Die Menschheit ist gerade dabei, Arten 1000- bis 10.000-mal schneller auszulöschen, als dies bislang durch den natürlichen Prozess der Evolution geschah. Beängstigend sind die Fakten, die die Internationale Rote Liste gefährdeter Arten (IUCN 2000) liefert: Die verschiedenen Gefährdungskategorien enthalten inzwischen 24 Prozent aller Säugetiere, zwölf Prozent der Vogelarten und sogar 48 Prozent aller untersuchten Pflanzenarten.

Kaum jemand nimmt vom täglichen Artenschwund Notiz

Unwiderruflich verschwunden sind zum Beispiel schon drei der acht ursprünglich existierenden Tigerunterarten, bei der vierten ist das Ende kaum noch zu verhindern. Das gleiche Schicksal droht auch dem Java-Nashorn, das mit einem Bestand von weniger als 70 Tieren zum seltensten Großsäuger der Welt geworden ist.

Von vielen anderen Arten, die in Gefahr sind oder schon von dieser Erde verschwunden sind, nimmt kaum jemand Kenntnis - weil sie keine Emotionen hervorrufen wie Tiger oder Nashörner, obwohl sie aber eine zumindest genauso wichtige Rolle in der Natur und damit auch für den Menschen haben.

Das Aussterben ist ein schleichender Prozess: Zuerst verringern sich nur die Bestände, dann werden einzelne Unterarten ausgelöscht, schließlich sind die Tiere nicht mehr in allen traditionellen Regionen, sondern nur noch in einigen wenigen Gebieten verbreitet - und die Art stirbt aus.

30 Milliarden Dollar Umsatz beim Handel mit Tieren

Für den Artenschwund sind die mehr als sechs Milliarden Menschen verantwortlich.
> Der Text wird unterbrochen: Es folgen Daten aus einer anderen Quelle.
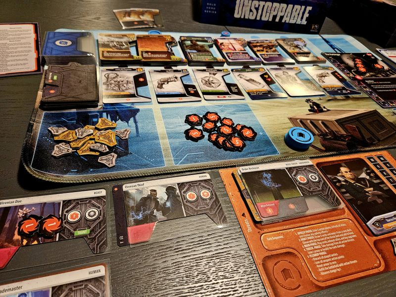 Unstoppable is a solo or two-player card crafting game. The game is by one of my favorite designers, John D. Clair, and uses his invention, card crafting. In Unstoppable, you are playing cards to defeat enemies and eventually make it to the boss to defeat them. However, unlike other card games, you don’t just draw cards from a deck into your hand. In order to get more cards, you must defeat enemies. Those enemies become cards in your hand that you can use to defeat more enemies. You can also buy upgrades to cards to make them stronger, but those upgrades also make the enemies you need to defeat to get that card stronger. It is a neat concept that I really enjoyed. This is getting a reprint in the Dungeon Crawler Carl universe, and I think it is going to be amazing.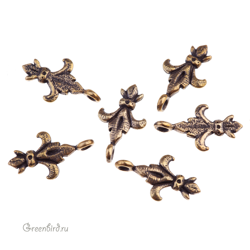 Авторская фурнитура Анны Черных - подвеска в форме геральдической лилии. Размер: 9,8 х 17,4 мм, толщина декоративного элемента: 1,8 мм, колечко: 1,7 мм. Материал: античная латунь. Производство: Россия. Цена указана за 1 шт.
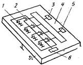 Рис.19. Строка ФСИ на МДП-фотодиодных элементах: 1 - фотодиод; 2 -передающий МДП-транзистор; 3 - вход тактовых импульсов обслуживающего сдвигового регистра; 4 - сдвиговый регистр на МДП-транзисторах; 5 - вход питания; 6- выход видеосигнала.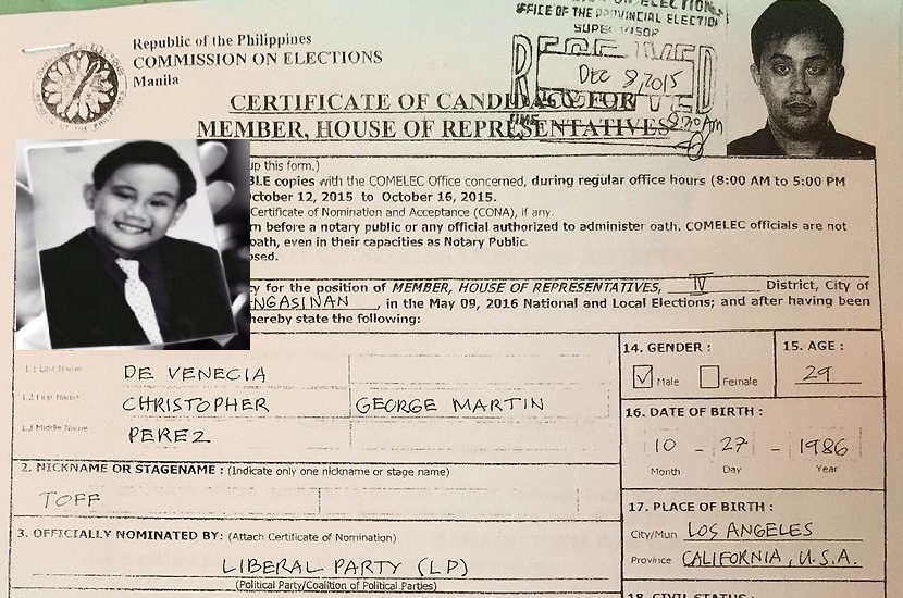 Aside from the COC and Certificate of Nomination and Acceptance, the younger De Venecia, who was born in Los Angeles, California, also submitted to Comelec Pangasinan an affidavit of renunciation of American citizenship and allegiance to the United States of America.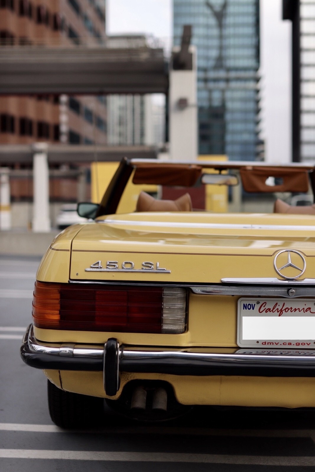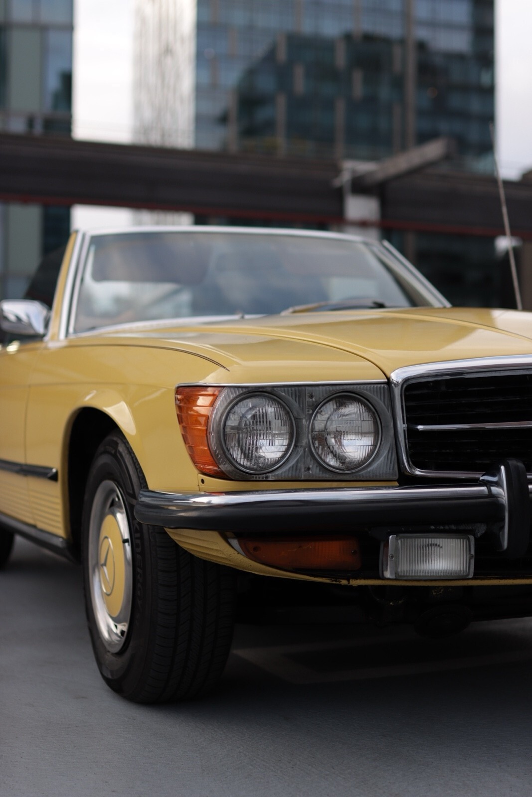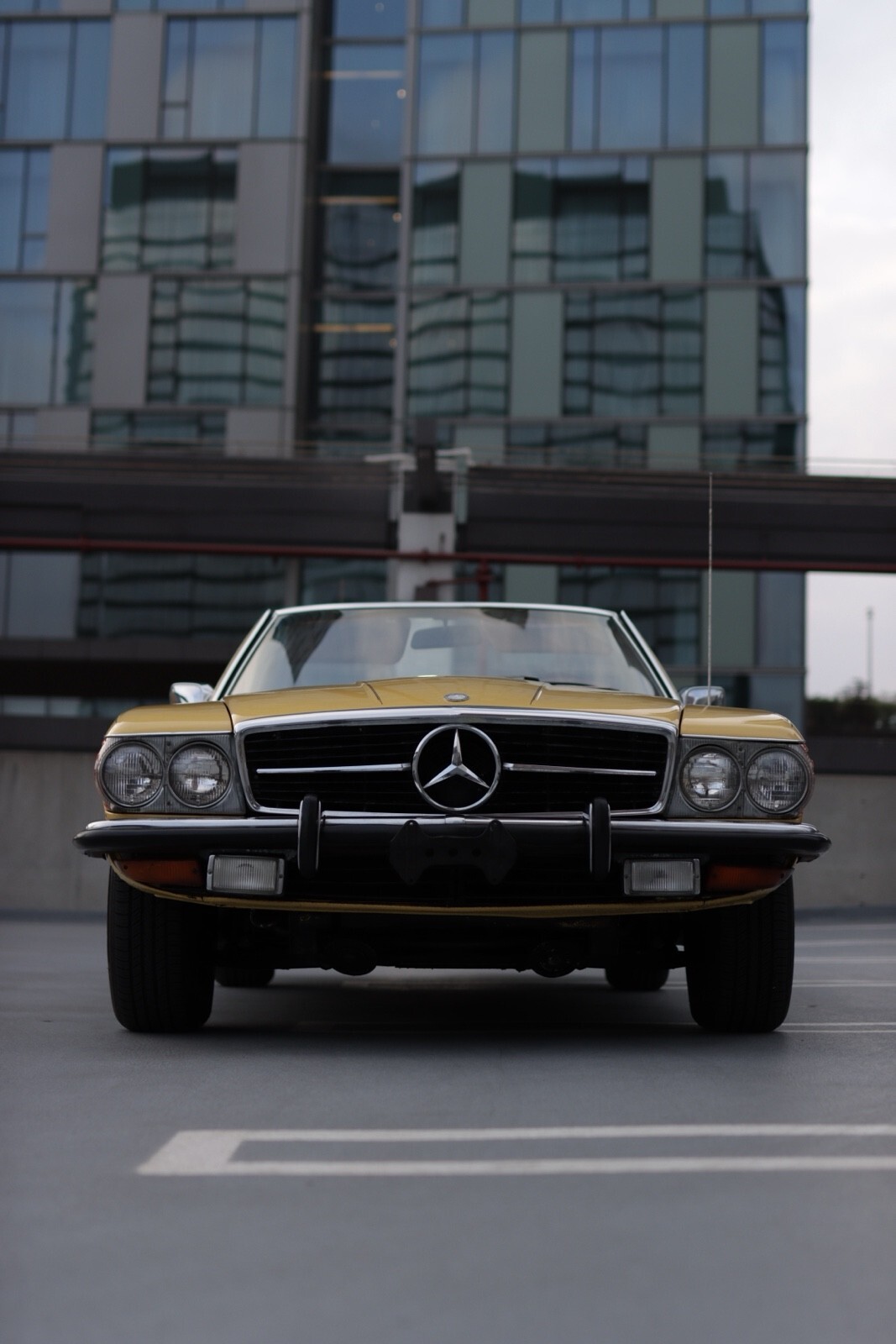 This 1972 Mercedes-Benz 450SL spent time at the Tupelo Automobile Museum and Museum we finished from the factory in Tunis Beige Metallic. The car has been repainted in a fabulous yellow color and is powered by a powerful 4.5-liter V8 paired with a three-speed automatic transmission.

Sie benötigen immer mehr Lebensraum, verändern ihn radikal nach ihren Vorstellungen: In den vergangenen hundert Jahren wurde die Hälfte aller Tropenwälder abgeholzt, die Hälfte der Sümpfe trocken gelegt.

Aber auch durch den Handel mit seltenen Tieren und Pflanzen sind manche Arten schon ausradiert worden. Rund 30 Milliarden Dollar werden pro Jahr international umgesetzt, ein Drittel davon illegal. Um dem entgegenzuwirken, wurde zum Beispiel 1973 das Washingtoner Artenschutzabkommen Cites verabschiedet, das das internationale Geschäft mit den seltenen Kreaturen zu deren Schutz regeln soll.

Kann es noch ein Happy End in diesem Drama geben? Bleibt wirklich nur der Versuch, in Zoos gezüchtete Tiere wieder auszuwildern? "Das kann nur das Mittel der letzten Wahl sein", meint Roland Melisch, Artenschutzexperte beim World Wild Fund For Nature (WWF) in Deutschland. "Es ist sinnvoller, schon ganz früh damit anzufangen, die Artenvielfalt in der Wildnis zu erhalten."

Um erfolgreich gegen das Aussterben einer Art vorgehen zu können, müsse man den verbliebenen Bestand und ihre Bedrohung kennen. Beim Kampf um die Tiger in Asien zum Beispiel sei der Kontakt zu Bauern und Jägern wichtig, die die große Raubkatze töten, weil sie ihre Tiere reißt. "Und man muss der Wilderei und dem Raubbau an Wäldern und Meeren ökonomische Alternativen entgegensetzen", fordert Melisch.

Letztlich musst der Mensch wohl überzeugt werden, dass er ein Teil der Natur ist und die Vielfalt der Tier- und Pflanzenarten als Mitgeschöpfe achtet und oft sogar braucht: als Lieferanten von Nahrung, Kleidung, Schmuck oder wichtigen medizinischen Substanzen - unter Einhaltung des ökologischen Gleichgewichts. Sonst würde der mahnende legendäre Film von Bernhard Grzimek unweigerlich zur Realität werden: "Kein Platz für wilde Tiere." (Spiegel online, 21. August 2001)

Hinweis: Pressemeldungen entsprechen nicht unbedingt den Tatsachen und geben daher nicht notwendigerweise die Ansichten von veganismus.de wieder.